Optimization: LoRA low-rank adaptation (rank=32, $\alpha$ =64, dropout=0.05) is leveraged for parameter-efficient fine-tuning in SeCoKD. Student optimization typically uses AdamW with task-dependent learning rates and batch sizes (Wang et al., 2024, Duan et al., 2024).
Demonstration selection: Prompt-target alignment (minimizing MMD) directly controls initialization bias. Automated retrieval in feature space and prompt (re-)weighting enable improved deterministic selection versus random sampling (Li et al., 13 Jun 2025).
Context scaling: Empirically, context distillation approaches (e.g., SeCoKD and IC-KD) achieve robust performance up to moderate numbers of examples (e.g., $k=4$ ), with diminishing returns for longer prompts and little additional compute overhead (Wang et al., 2024, Duan et al., 2024).

6. Theoretical and Practical Unification; Limitations

IC-KD reconciles several strands of analysis:

Unification: Viewing in-context learning as inference-time KD recovers both gradient-based parameter adaptation and distributional shift (prompt-target match) frameworks, with generalization and bias rigorously controlled via Rademacher-complexity and kernel MMD bounds (Li et al., 13 Jun 2025).
Limitations: IC-KD requires teacher outputs on in-context batches, leading to computation overhead; memory bank construction in vision settings can be nontrivial. Studies to date focus on models $<$ 10B parameters and reasoning or classification tasks; extensions to generative and multilingual modeling remain open. Only self-distillation and offline teacher paradigms have been systematically evaluated. Statistical significance of gains is not universally reported (Wang et al., 2024, Duan et al., 2024, Zhu et al., 13 Jan 2025).
Extensibility: The principles underlying IC-KD—compression of context-dependence, robust smoothing via retrieved neighborhoods, and prompt-aligned loss—are applicable across architectures, modalities, and tasks.
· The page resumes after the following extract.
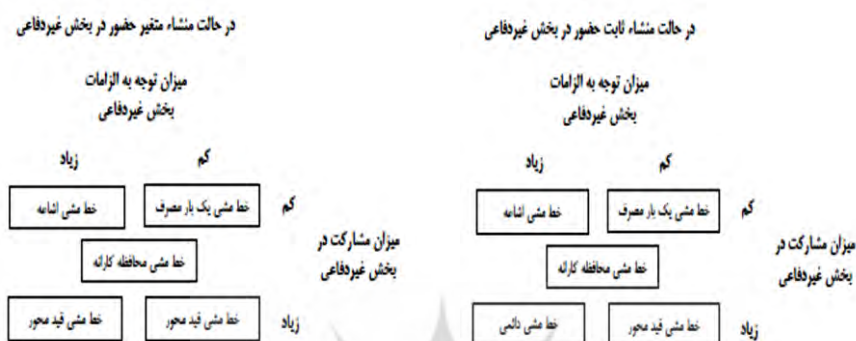
شکل ۳. ماتریس‌های شناسایی حالات تدوین خط‌مشی دومنظوره‌سازی صنعت دفاعی ایران (برگرفته از تقابل عناصر مدل)

موجود در صنعت دفاع ( با عنوان پیشران‌های ثابت) و همچنین از طریق مطالعه دلایل دومنظوره‌سازی صنعت دفاعی با بررسی عوامل نوظهور در صنعت دفاع ( با عنوان پیشران‌های متغیر) و همچنین میزان توجه و گرایش به عوامل و الزامات درون صنعت دفاع و یا بیرون صنعت دفاع (با عنوان راهبردها و شرایط یکپارچگی با بخش دفاعی و بخش غیردفاعی) و میزان مشارکت صنعت دفاع در بخش غیردفاع (با عنوان زمینه‌سازها و وضعیت محیطی آن) حالت‌ها یا گونه‌های ممکن خط‌مشی دومنظوره‌سازی صنعت دفاعی بر اساس دو ماتریس و جدول زیر شناسایی می‌شود.

Methods such as combining intermediate representation matching with context-aware objectives, curriculum over $k$ , and dynamic demonstration retrieval are active research directions (Huang et al., 2022, Li et al., 13 Jun 2025).

7. Impact and Future Directions

IC-KD introduces a modality-agnostic paradigm for encoding and transferring task-specific, context-based knowledge from large, context-sensitive models to smaller, efficient, or otherwise constrained models. For language, IC-KD bridges the empirical gap between explicit prompt-based adaptation and parameter fine-tuning, producing models that are both few-shot competent and robust to distribution shift. In vision, IC-KD generalizes KD by label smoothing with teacher-driven neighborhoods in feature space, outperforming stronger pointwise and contrastive methods.

A plausible implication is that, as fast retrieval, adaptive prompting, and resource-efficient inference continue to gain importance, IC-KD frameworks that unify prompt-based and parametric adaptation will become a standard tool for model compression, on-device learning, and robust few-shot inference.

Key references include (Wang et al., 2024, Li et al., 13 Jun 2025, Huang et al., 2022, Duan et al., 2024, Zhu et al., 13 Jan 2025).